Chancellor University
- Motto: "Your Opportunity University"
- Type: Private for-profit university
- Active: 1848–2013
- President: Robert C Daugherty
- Students: 770
- Undergraduates: 537
- Postgraduates: 233
- Location: Seven Hills, Ohio, United States
- Campus: Suburban;
- Colors: Chancellor tan and Chancellor blue

= Chancellor University =

Private university in Cleveland, Ohio

Chancellor University was a private for-profit university in Cleveland, Ohio. The school was founded in 1848 as Folsom's Mercantile College to teach basic bookkeeping and business skills. It underwent several changes of name and ownership during its history. The college closed on August 25, 2013, at the conclusion of the summer semester.

==History==
The university was opened by R.S. Bacon as a business college in 1848 on West 3rd Street in Cleveland, Ohio. Shortly thereafter it merged with Folsom's Mercantile College, founded by Ezekiel G. Folsom. Two of Folsom College's earliest students created the Bryant & Stratton Colleges which later acquired Folsom's school in a possibly forced merger. After the merger with the Bryant & Stratton system, the Cleveland school used the Bryant & Stratton name until 1867, when it took the name Union Business School to celebrate the Union's Civil War victory. The university in Cleveland was renamed Spencerian Business College in 1876 for one of its most illustrious administrators, Platt R. Spencer, educator and originator of Spencerian penmanship. The earliest curriculum was limited to the development of practical skills, such as penmanship, bookkeeping, and telegraphy. The most notable alumni of Chancellor University are oil magnate, John D. Rockefeller, rubber and tire trailblazer, Harvey Firestone, and accounting and professional services pioneer, Theodore Ernst cofounder of Ernst & Young.

In 1896, Frank L. Dyke, a former Spencerian professor, founded Dyke School of Commerce, dedicated to preparing young women for business careers. Dyke School of Commerce and Spencerian Business College operated separately for many years until the exigencies of World War II prompted President Jay R. Gates to merge the two schools in 1942. For a time the combined institution was known as Dyke and Spencerian College.

From 1958 to 1994, the school was known as Dyke College. After World War II, as college degrees became common in the business world, the college modified its academic programs to stress the attainment of the broader-based Bachelor of Science, Associate in Science, and Associate in Arts degrees. In 1965, the university was reincorporated as a not-for-profit institution.

The College changed its name to David N. Myers College in 1995, to reflect a $2 million charitable contribution from the prominent Cleveland alumnus and philanthropist. It was later renamed Myers University in the summer of 2001 to reflect expanded offerings including an MBA program. David N. Meyers University was closed in 2007.

In an effort to reorganize, on September 12, 2008, Myers University was renamed Chancellor University, as a for-profit institution with most of its courses offered online.
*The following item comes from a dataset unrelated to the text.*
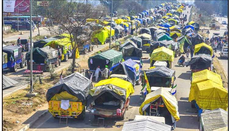
February 23, 2024 nü Patiala district kübok Punjab-Haryana Shambhu arrtsü nung aluyimertemi 'Black Day' ayongüka longkak aitdang tangokba noksa nung angur. Khanauri border arrtsü nung longkak aiter aluyimer ka khasetba anema parnoki Black Day sangdonga longkak ait.

ya tembangdaksütsü," ta metetdaksü. Osangbener den jembidang Congress lenir kati, March 2 nü Kamal Nath-i Gwalior nungi iba Yatra nung shilem agitsü aser March 6 tashi pai shilem agitsü, ta metetdaksü. Madhya Pradesh nunga iba yatra ya March 2 nü tenzüka Gwalior, Shivpuri, Guna, Rajgarh, Shajapur, Ujjain, Dhar aser Ratlam nung agiba sülen March 6 nü Rajasthan nung tenzüksü. Tawa Nath aser par jabaso nati Congress toktsür BJP nung adentsü ta osang proka liasü. Talisa BJP State otongdar, Narendra Saluja-i social media ajanga Kamal Nath aser Nakul Nath na noksa den 'Jai Shree Ram' ta lemsatepba sülen iba osang tali proka liasü. Kamal Nath aser par jabaso Nakul Nath nati BJP nung denra Congress MLA tem aser taoba mapang MLA tem 12-ia BJP nung adentsü, ta osang ka ajanga metetdakja liasü. Kamal Nath aser par jabaso nati BJP nung madenyonga Congress MLA tembo aikati BJP nung denogo.

On July 8, 2013, the school announced it would close. The school transferred its several hundred students to Alliant International University, a California-based, private, not-for-profit school.

==Academics==

Chancellor University was a small university that offered a wide array of business programs, although it was not exclusively a business school. The university offered degrees at the associate, baccalaureate and master's levels.

The Master of Business Administration program at the university was renamed the Jack Welch Management Institute in 2009, after Jack Welch, the former CEO of General Electric, invested $2 million to purchase a 12% share of the company running the university, Chancellor University Systems. In 2011, the program was acquired by Strayer University for about $7 million.

==Accreditation==
The university was accredited by the North Central Association Higher Learning Commission and the International Assembly for Collegiate Business Education (IACBE). In November 2008, the Higher Learning Commission of the North Central Association of Colleges and Schools placed the school on probation, citing problems with its reputation, student turnover and resource allocation. On February 25, 2010, the Higher Learning Commission ordered the institution to show cause as to why its accreditation should not be rescinded. On February 24, 2011, the Higher Learning Commission Board of Trustees determined that the institution had addressed the concerns of the commission and demonstrated that it met the criteria for accreditation. The board removed the show cause order and continued the accreditation of the university. However, the Higher Learning Commission issued a new "show cause" order on June 28, 2012. The "show cause" order was lifted by the Higher Learning Commission on October 11, 2012, and Chancellor University remained accredited with HLC.

On October 3, 2012, the Higher Learning Commission (HLC) accepted the withdrawal of Chancellor University from the commission effective October 3, 2013. The college closed after its summer semester ended on August 25, 2013.

==Campus==

Chancellor University's main campus was located at 6000 Lombardo in the Genesis Building in Seven Hills, Ohio.